El ascenso de la derecha identitaria en todo el planeta ha resucitado la palabra ‘fascismo’, cada vez más frecuente en el debate político, a pesar de su caducidad histórica. Se utiliza igualmente para hablar de la exhumación de Franco que del ascenso de Salvini o de las estrategias de Viktor Orban. A veces el debate se acerca al circo, por ejemplo hace un par de días cuando el 'conseller' valenciano Vicent Marzá (Compromís) decidió escuchar el discurso de un político de Vox exhibiendo el ensayo Facha (Blackie Books, 2019) de Jason Stanley. Contra la marea de tópicos dominantes, el sociólogo y filósofo Guillermo Fernández Vázquez (Madrid, 1985) aporta un análisis riguroso, como demuestra su libro Qué hacer con la extrema derecha en Europa (Lengua de Trapo, 2019). En esta entrevista con Vozpópuli no solo habla de este tsunami político, sino también del llamado ‘antifascismo’, que muy pocos académicos se atreven a analizar de manera crítica.
Una de las tesis centrales de su ensayo recomienda tomar en serio las posiciones culturales de la derecha radical. ¿No hacerlo es otro síntoma de la superioridad moral de la izquierda?
En general creo que el mundo progresista se mueve en una especie de esquizofrenia con respecto a este asunto.
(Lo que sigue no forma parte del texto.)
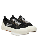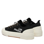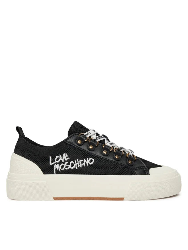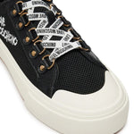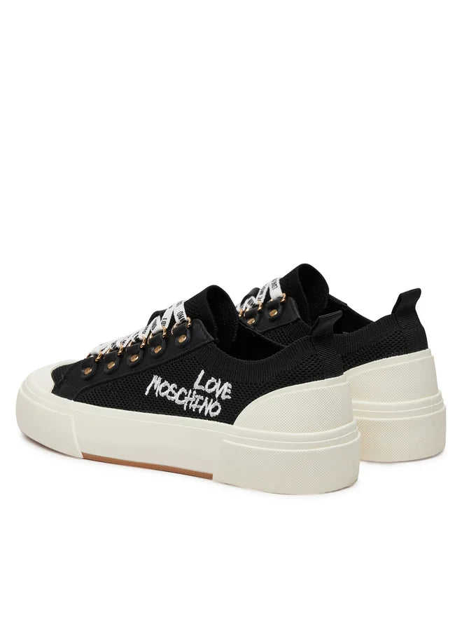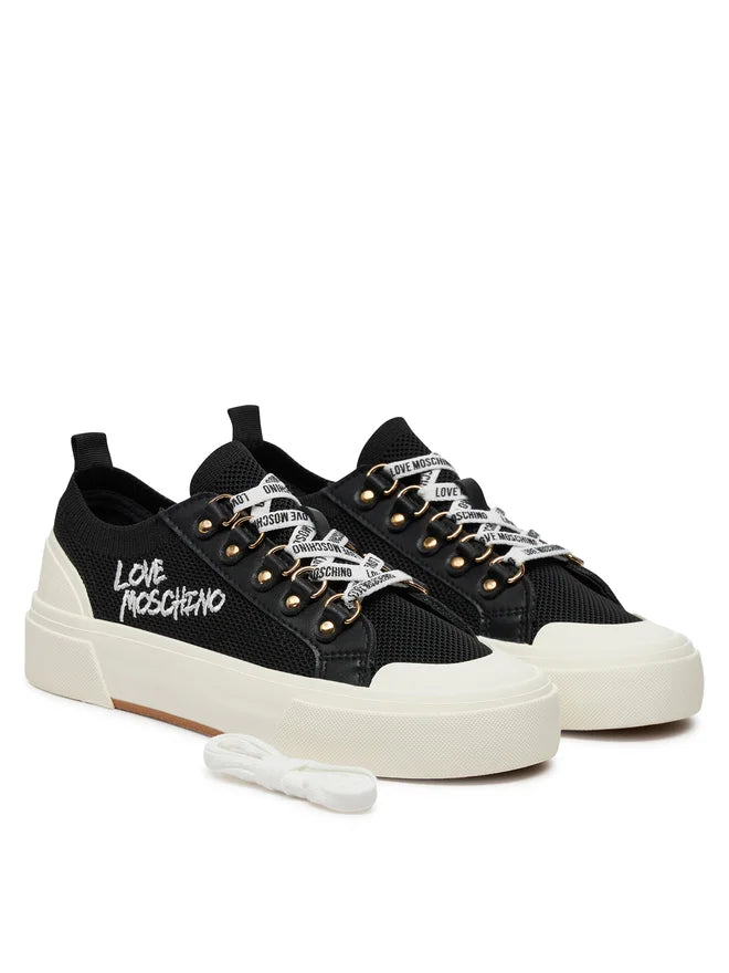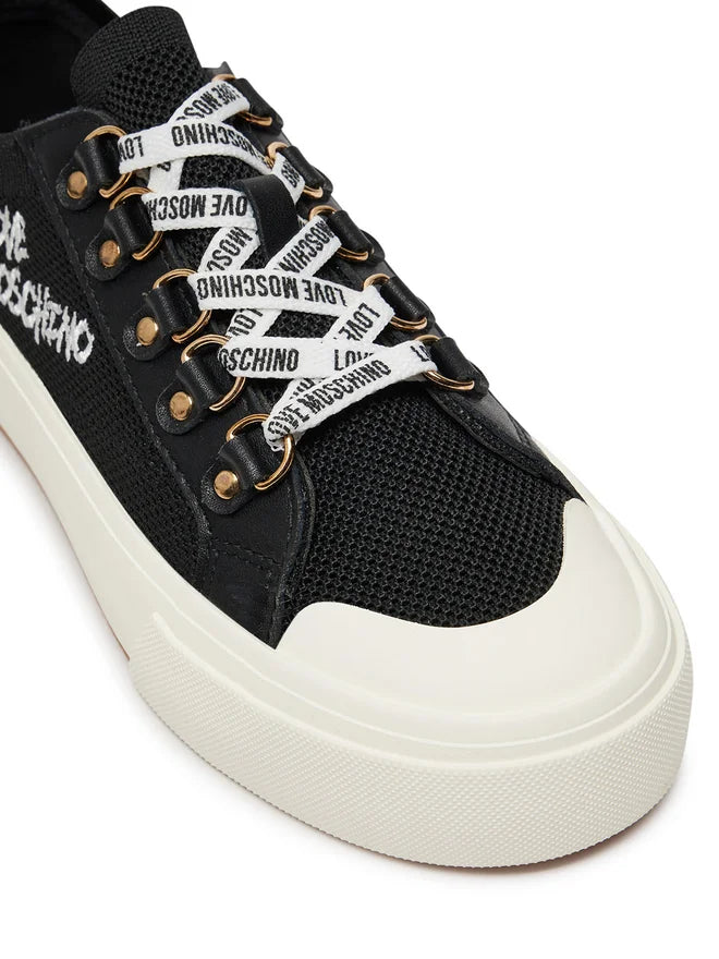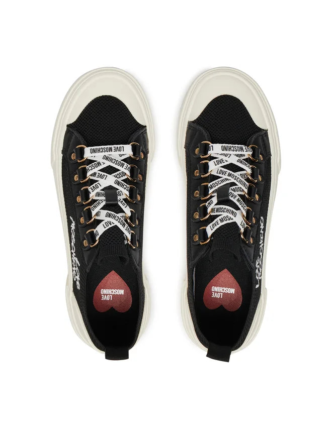 Ténis Love Moschino preto em tecido, atacadores brancos e atacadores com logotipo.

Por un lado, se desestiman los mensajes y propuestas de la derecha radical como débiles e inservibles -una especie de chatarra intelectual-, mientras por otro se proclama la necesidad urgente de prohibir o como mínimo aislar estos mensajes, dando a entender que si la población los escucha, los creerá y se sumará a ellos. En un caso se considera a los portavoces de la extrema derecha como torpes, brutos, rústicos y sobre todo defensores de ideas endebles y anticuadas, y en el otro caso se les toma por genios del mal capaces de embrutecer a toda la población a través de la persuasión. La izquierda a ratos se ríe y a ratos entra en pánico. Pienso que lo mejor es considerar a estos partidos y a sus mensajes desde un punto de vista analítico y tratar de entender qué cosas hacen ahora que antes no hacían, que es lo que explica por qué ahora les va bien y antes no. La derecha radical está sabiendo adaptar un armazón de ideas bastante estable a un contexto en el que se solapa la crisis de identidad con la crisis económica. Hay que tomárselo muy en serio.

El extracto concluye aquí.